> **ABOUT THIS EXERCISE**
Records follow. Print exactly the lines from the one that has "Willa typu Superior." through the one that has "Wholesale Fall 2025", inclusive, and omit the pictures.

Excerpts from a dataset:

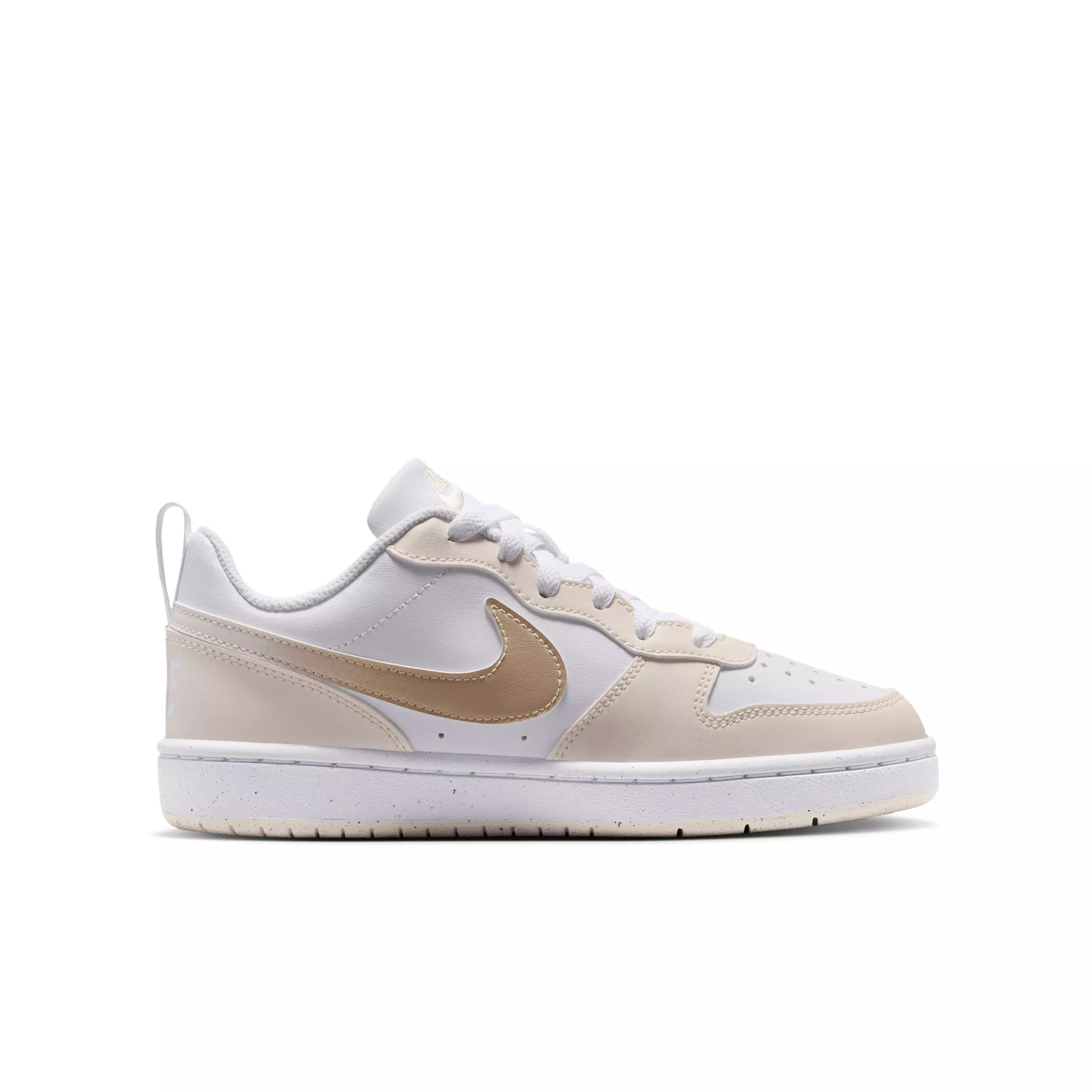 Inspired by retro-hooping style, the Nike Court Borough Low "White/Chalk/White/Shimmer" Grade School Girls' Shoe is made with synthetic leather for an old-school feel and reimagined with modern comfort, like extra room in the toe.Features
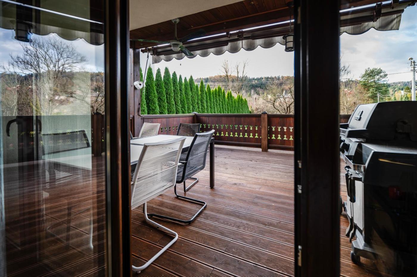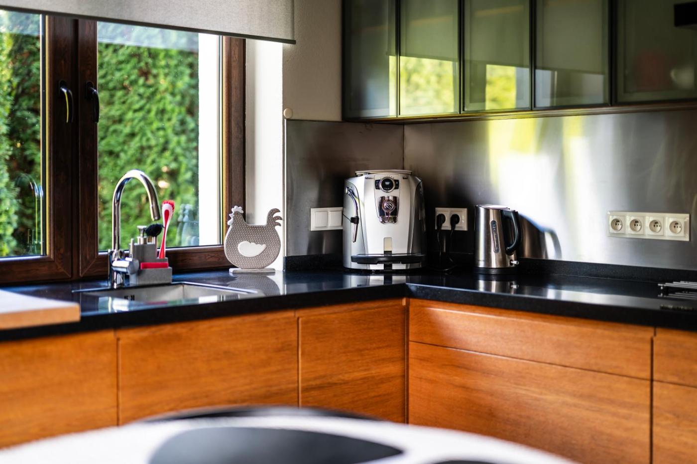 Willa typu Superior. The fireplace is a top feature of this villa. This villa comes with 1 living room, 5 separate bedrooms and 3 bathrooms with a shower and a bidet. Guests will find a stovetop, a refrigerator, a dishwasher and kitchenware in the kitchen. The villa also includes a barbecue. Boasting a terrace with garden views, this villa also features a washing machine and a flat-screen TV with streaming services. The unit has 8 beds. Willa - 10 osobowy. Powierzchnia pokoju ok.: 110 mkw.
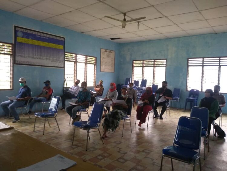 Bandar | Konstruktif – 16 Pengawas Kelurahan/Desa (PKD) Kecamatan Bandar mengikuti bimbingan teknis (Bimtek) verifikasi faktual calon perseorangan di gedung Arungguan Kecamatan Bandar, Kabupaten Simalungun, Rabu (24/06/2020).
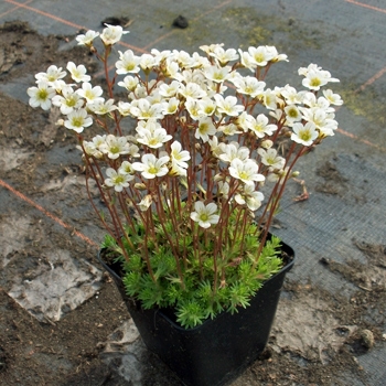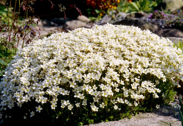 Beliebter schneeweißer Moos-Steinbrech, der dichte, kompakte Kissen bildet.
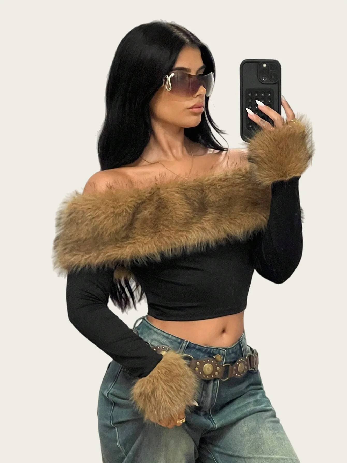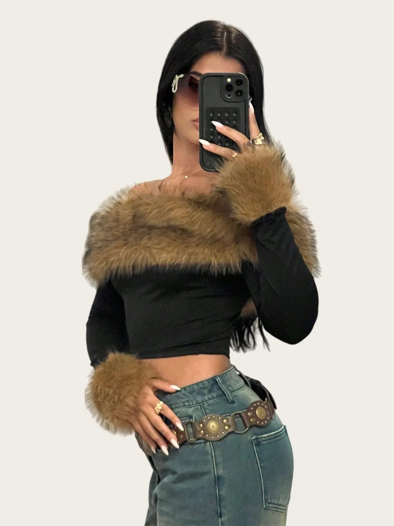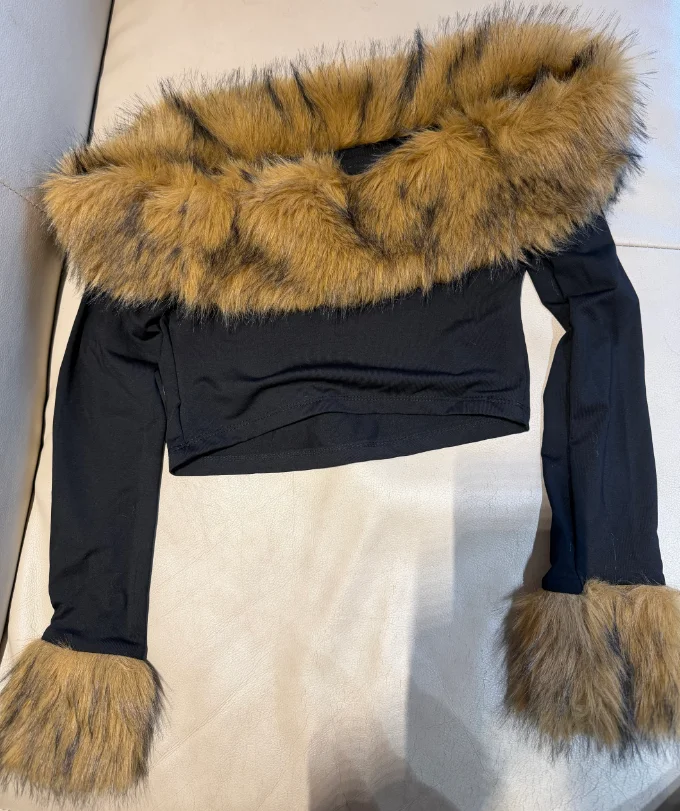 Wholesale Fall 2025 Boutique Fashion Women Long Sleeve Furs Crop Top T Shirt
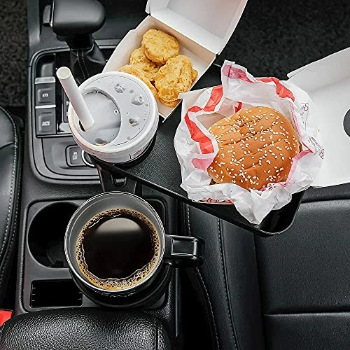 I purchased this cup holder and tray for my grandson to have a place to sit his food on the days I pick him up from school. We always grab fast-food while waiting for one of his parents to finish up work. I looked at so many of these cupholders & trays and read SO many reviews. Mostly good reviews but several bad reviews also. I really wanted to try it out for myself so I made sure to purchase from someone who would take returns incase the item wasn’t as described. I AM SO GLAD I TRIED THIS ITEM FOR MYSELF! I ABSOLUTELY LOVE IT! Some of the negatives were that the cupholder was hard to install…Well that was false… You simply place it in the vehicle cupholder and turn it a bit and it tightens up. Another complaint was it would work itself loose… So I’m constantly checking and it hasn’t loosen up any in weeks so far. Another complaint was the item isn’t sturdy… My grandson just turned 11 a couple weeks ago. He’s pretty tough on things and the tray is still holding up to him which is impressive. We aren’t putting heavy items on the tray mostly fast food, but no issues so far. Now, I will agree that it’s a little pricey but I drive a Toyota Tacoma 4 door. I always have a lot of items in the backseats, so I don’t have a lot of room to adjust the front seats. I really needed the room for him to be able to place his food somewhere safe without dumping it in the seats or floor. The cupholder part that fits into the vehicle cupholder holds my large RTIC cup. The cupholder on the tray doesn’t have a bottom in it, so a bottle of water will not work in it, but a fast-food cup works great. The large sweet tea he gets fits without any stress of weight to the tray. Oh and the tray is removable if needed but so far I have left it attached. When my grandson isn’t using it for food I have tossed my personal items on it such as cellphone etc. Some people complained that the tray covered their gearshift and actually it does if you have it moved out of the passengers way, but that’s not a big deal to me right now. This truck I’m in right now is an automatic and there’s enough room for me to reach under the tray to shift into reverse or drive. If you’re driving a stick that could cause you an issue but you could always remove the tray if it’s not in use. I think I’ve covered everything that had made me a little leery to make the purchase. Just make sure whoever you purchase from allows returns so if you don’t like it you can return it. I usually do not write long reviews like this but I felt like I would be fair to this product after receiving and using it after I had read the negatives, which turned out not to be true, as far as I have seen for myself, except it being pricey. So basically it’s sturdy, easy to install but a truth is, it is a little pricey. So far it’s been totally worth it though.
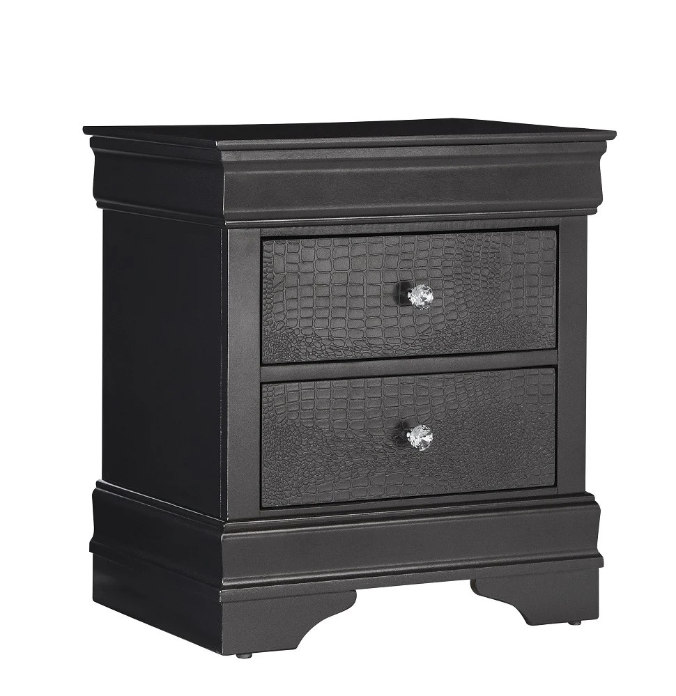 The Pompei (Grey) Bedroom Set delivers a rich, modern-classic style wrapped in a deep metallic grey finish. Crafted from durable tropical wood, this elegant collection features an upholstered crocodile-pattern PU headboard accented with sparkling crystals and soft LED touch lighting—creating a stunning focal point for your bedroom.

> **ANSWER BOX**
 Willa typu Superior. The fireplace is a top feature of this villa. This villa comes with 1 living room, 5 separate bedrooms and 3 bathrooms with a shower and a bidet. Guests will find a stovetop, a refrigerator, a dishwasher and kitchenware in the kitchen. The villa also includes a barbecue. Boasting a terrace with garden views, this villa also features a washing machine and a flat-screen TV with streaming services. The unit has 8 beds. Willa - 10 osobowy. Powierzchnia pokoju ok.: 110 mkw.
 Bandar | Konstruktif – 16 Pengawas Kelurahan/Desa (PKD) Kecamatan Bandar mengikuti bimbingan teknis (Bimtek) verifikasi faktual calon perseorangan di gedung Arungguan Kecamatan Bandar, Kabupaten Simalungun, Rabu (24/06/2020).
 Beliebter schneeweißer Moos-Steinbrech, der dichte, kompakte Kissen bildet.
 Wholesale Fall 2025 Boutique Fashion Women Long Sleeve Furs Crop Top T Shirt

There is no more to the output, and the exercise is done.